- **WORK ITEM**
The answer must restate the listing word for word, without its images.

- **RECORDS FOR THE EXERCISE**
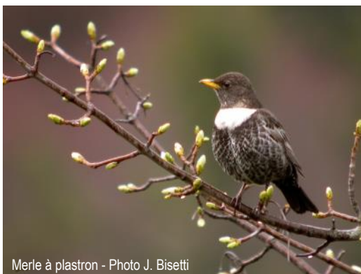
Merle à plastron
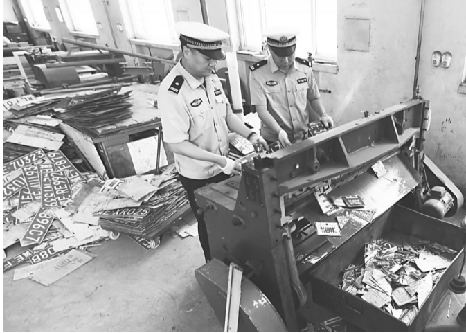
5月18日,邢台市交警支队集中销毁假牌套牌522副。据悉,此次销毁的牌子均是3月开始的京津冀地区机动车假牌套牌违法行为集中整治期间民警查获的。整治过程中,他们共查获假牌套牌违法行为522起,其他涉牌违法行为179起,扣留机动车89辆,其中盗抢车2辆,行政拘留54人,有效地震慑了此类违法行为的发生。

运用高科技手段进行统一作战指挥是今年“5·18”安保工作中的一个亮点。“5·18”安保合成作战指挥部指挥长聂志强介绍,廊坊市公安部门在京津冀大数据创新应用中心设立了合成作战指挥部,各个研判系统全部接入,即时分析研判,即时研究对策,即时采取行动;在外围实施人证合一比对,及时发现可疑人员;在高空,四架无人机不间断巡航监视,在地面,天网摄像头无缝隙覆盖,在场馆,移动警务终端随时回传现场态势;在通信保障上,电台、视
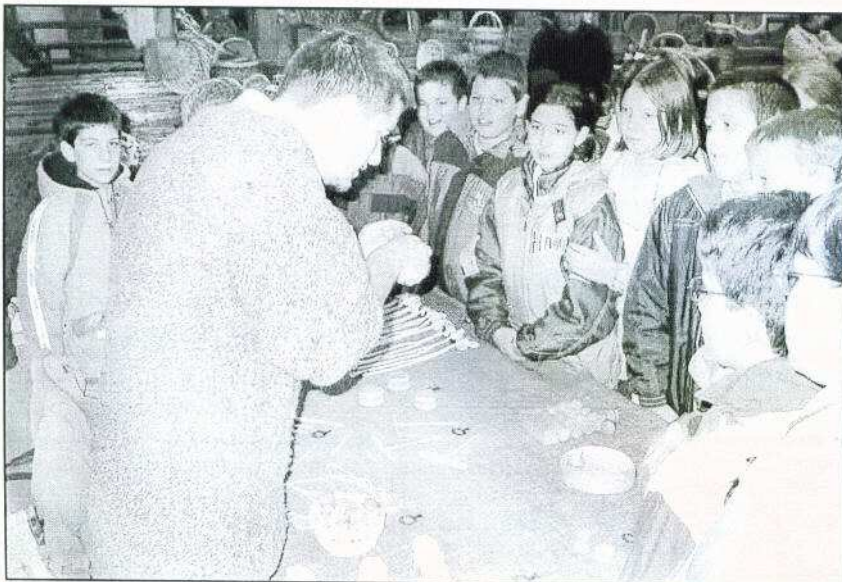
Nagy sikere volt a fából készült népi gyermekjátékoknak.
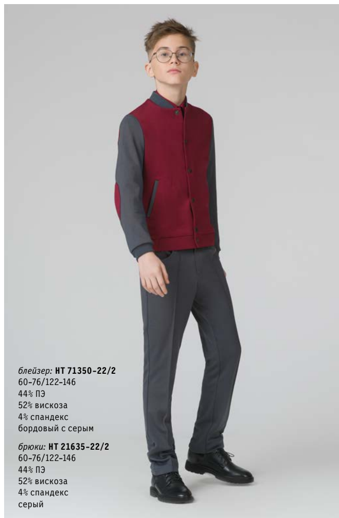
блейзер: НТ 71350-22/2 60-76/122-146 44% ПЭ 52% вискоза 4% спандекс бордовый с серым
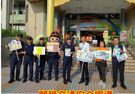
開學交通安全宣導
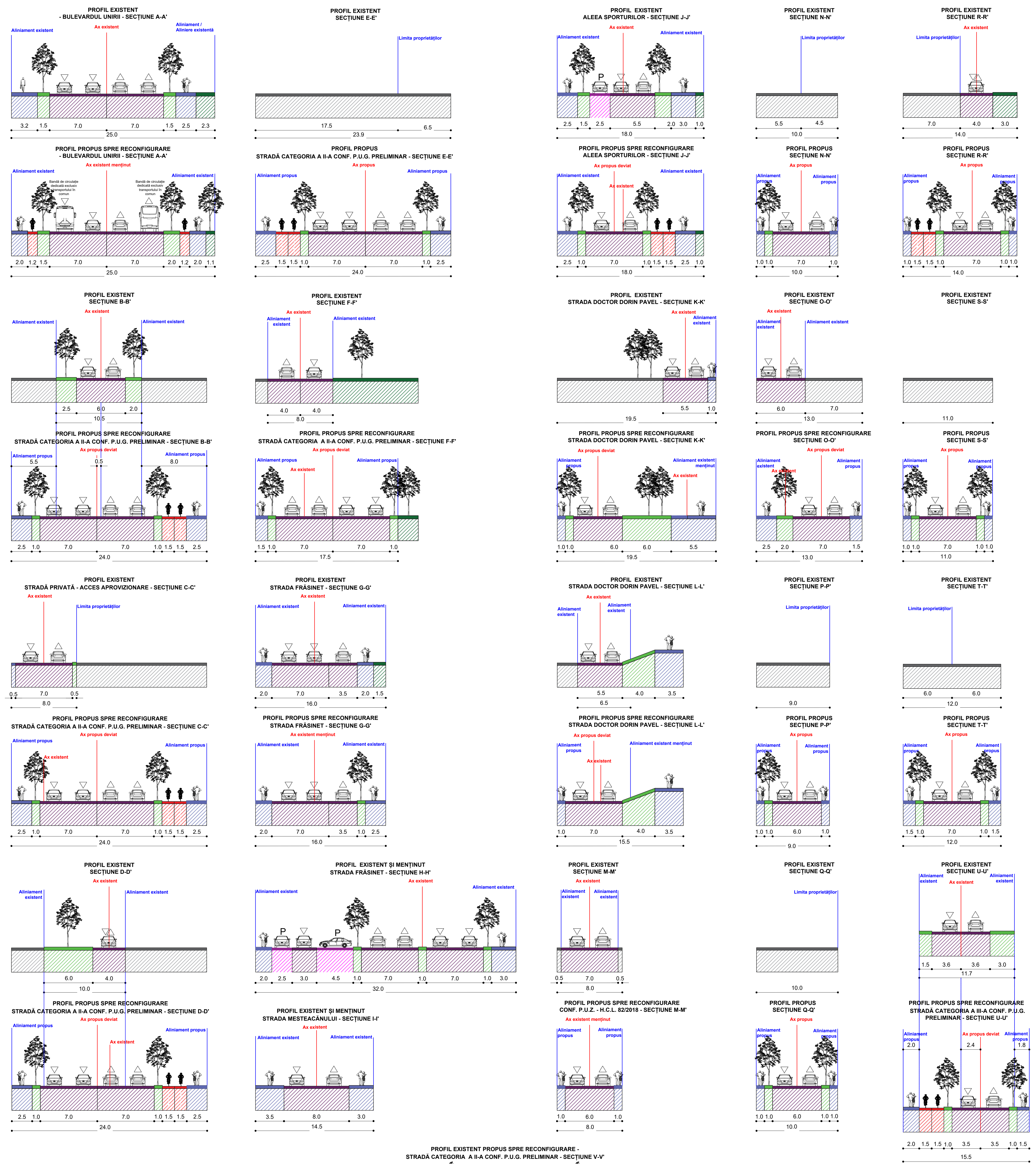
SECȚIUNI STRADALE CARACTERISTICE - SC. 1:200

- **ANSWER SPACE**
Merle à plastron
5月18日,邢台市交警支队集中销毁假牌套牌522副。据悉,此次销毁的牌子均是3月开始的京津冀地区机动车假牌套牌违法行为集中整治期间民警查获的。整治过程中,他们共查获假牌套牌违法行为522起,其他涉牌违法行为179起,扣留机动车89辆,其中盗抢车2辆,行政拘留54人,有效地震慑了此类违法行为的发生。

运用高科技手段进行统一作战指挥是今年“5·18”安保工作中的一个亮点。“5·18”安保合成作战指挥部指挥长聂志强介绍,廊坊市公安部门在京津冀大数据创新应用中心设立了合成作战指挥部,各个研判系统全部接入,即时分析研判,即时研究对策,即时采取行动;在外围实施人证合一比对,及时发现可疑人员;在高空,四架无人机不间断巡航监视,在地面,天网摄像头无缝隙覆盖,在场馆,移动警务终端随时回传现场态势;在通信保障上,电台、视
Nagy sikere volt a fából készült népi gyermekjátékoknak.
блейзер: НТ 71350-22/2 60-76/122-146 44% ПЭ 52% вискоза 4% спандекс бордовый с серым
開學交通安全宣導
SECȚIUNI STRADALE CARACTERISTICE - SC. 1:200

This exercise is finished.